When they’d first hit Sanibel Island five days ago, Ward had been hugely disappointed. The ocean vacations he’d taken before had been to Virginia Beach and Kitty Hawk. Sanibel seemed like the end of the earth, with no boardwalk, few shops or amenities, and worst of all, lousy internet connectivity. But as the days had worn on he’d grown used to the quiet. He’d downloaded enough movies and books to last the week, and he didn’t need online access to compile new builds of the side-scroller he was developing for his class in Applied Python. Since the divorce, his dad didn’t get many chances to take them on vacations—with the alimony and everything, there wasn’t a lot of extra money—and when some work friend had offered him a week at his small Sanibel beach house, just off Gulf Drive, he’d said yes. Ward knew even that was a financial stretch, with the plane tickets and restaurants and everything, and he’d been careful not to complain.

The shells had helped.

Sanibel and Captiva Islands, off the southwestern coast of Florida, were known for some of the best shelling in the world. They reached out into the Gulf of Mexico like a net, catching all sorts of mollusks, dead and alive, and strewing them along the sand. A brief storm had passed through the night before they’d arrived, which turned out to be a piece of luck: apparently, that always brought in more shells. Their first day on the beach had revealed an almost unbelievable treasure trove of unusual and beautiful specimens—not the crab pincers, broken scallop shells, and other crap you found on the Outer Banks—and shelling fever had claimed both him and his sister, Amanda in particular. Already she’d become something of an expert, able to differentiate cowries from whelks from periwinkles. Ward’s own fascination had cooled after a few days, and his eye had grown much more discerning. Now he only picked up a few really good specimens here and there. His father had limited them to one bag of shells each for the flight back, and Ward knew that tomorrow night’s culling—and Amanda’s protests—were going to be hell.
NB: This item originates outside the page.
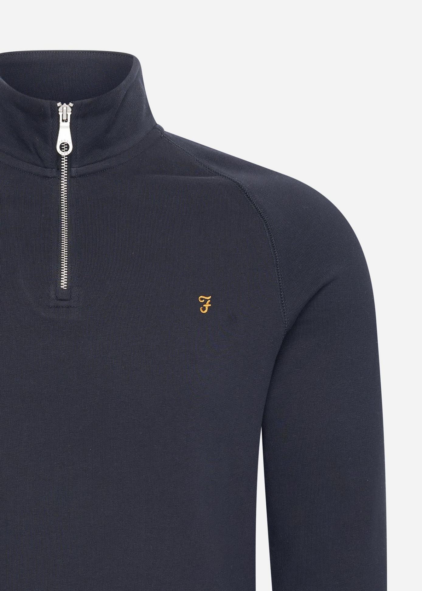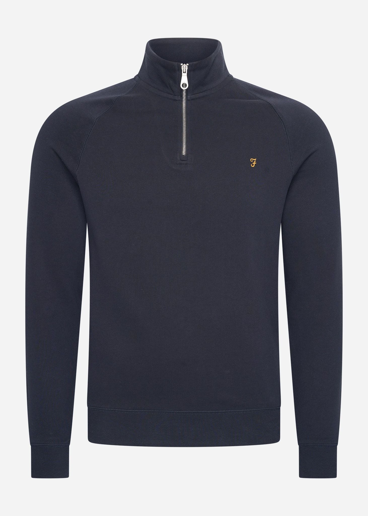 Made from 100% organic cotton, the Farah Jim sweater features a quarter zip with a deep, ribbed collar. With matching detailing on the hem and cuffs, this slim-fit sweater comes in Farah Forest Green with our signature gold Farah logo to the left chest.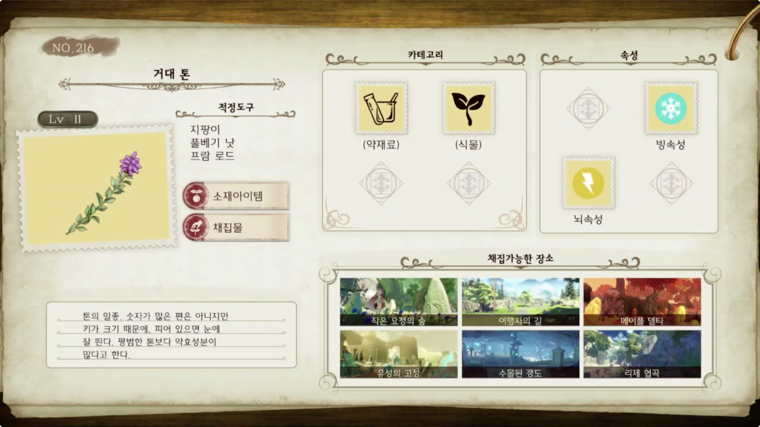 라이자의 아틀리에 - 아이템 도감 NO.216 거대 톤

The tide was coming in, the wind had picked up, and the surf was beating against the shore with a little more energy. A wave broke across Ward’s feet, sending a spiral-shaped pink shell rolling and bouncing over his toes. As he picked it up, another sheller hustled up behind him—bright colors in the shallow water drew them like flies—and peered over Ward’s shoulder, breathing heavily.

“Rose petal?” the man asked excitedly. Ward turned to look at him—maybe fifty, overweight, with a Ron Jon sun visor, cheap sunglasses, and arms sunburned from the elbows down. A tourist, of course, like everyone else around. The locals knew the best times for beachcombing, and Ward rarely saw them.